The picture which is here drawn sketches for us the consequences of allowing each individual to have control over the forces of nature. It is incredible that God could be induced to allow such control to individuals; but does it follow from this that He never listens to prayers respecting His direction of the forces of nature, and that consequently all such prayers are presumptuous? The conclusion does not seem to follow from the premises. The valid conclusion would rather be this: No one ought to pray to God to give him absolute control of the forces of nature. The prayer, "Lord, in Thy control of the forces of nature have mercy upon me and my fellow men," is a prayer of a very different character.

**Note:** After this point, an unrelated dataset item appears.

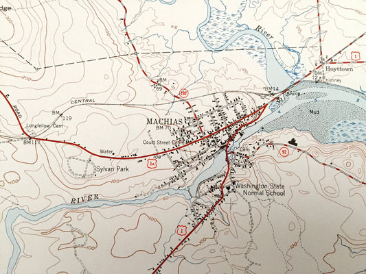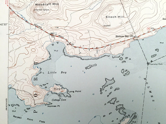 Antique Machias, Maine 1951 US Geological Survey Topographic Map – Washington County, Marshfield, Whitneyville, Roque Bluffs, Machiasport ME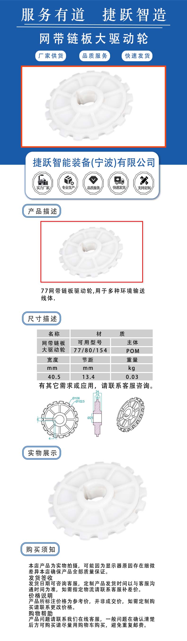 77网带链板驱动轮,用于多种环境输送线体.

The objection to prayers for rain, or for the cessation of rain, and the like, is based on the supposition that we thereby "ask God to interfere with the regularity of the course of nature." Yet it is admitted that to "pray for submission to the Divine will, and for such wisdom as shall lead to compliance with it in the future, is a matter of course, and results inevitably from the relation between the spiritual Father and the spiritual child." But is there no regularity about the things thus admitted to be fit objects of prayer? Are human 347 character and human intellect not subject to law? When we pray for a submissive spirit and for wisdom, are we not asking God to "interfere with that regularity" which governs the development of character and of intelligence? Either the prayer is to obtain more submission and more wisdom than we should otherwise get, or it is not. If it is to obtain it, then the regularity which would otherwise have prevailed is interrupted. If our prayer is not to obtain for us more submission and more wisdom than we should have obtained if we had not prayed, then the prayer is futile.

It will perhaps be urged that the two cases are not strictly parallel. They are not; but for the purposes of this argument they are sufficiently parallel. It is maintained that we have no right to pray for rain, because we thereby propose to interfere with the regularity of natural processes; yet it is allowed that we may pray for wisdom. To get wisdom by prayer is quite as much an interference with the regularity of natural processes as to get rain by prayer. Therefore, either we ought to pray for neither, or we have the right to pray for both. And so far as the two cases are not parallel, it seems to be more reasonable to pray for rain than to pray for submissiveness and wisdom. God has given our wills the awful power of being able to resist His will. Are we to suppose that He exercises less control over matter, which cannot resist Him, than over human wills, which He allows to do so; or that He will help us or not help us to become better and wiser, according as we ask Him or do not ask Him for such help, and yet will never make any change as to giving or withholding material blessings, however much, or however little, we may ask Him to do this?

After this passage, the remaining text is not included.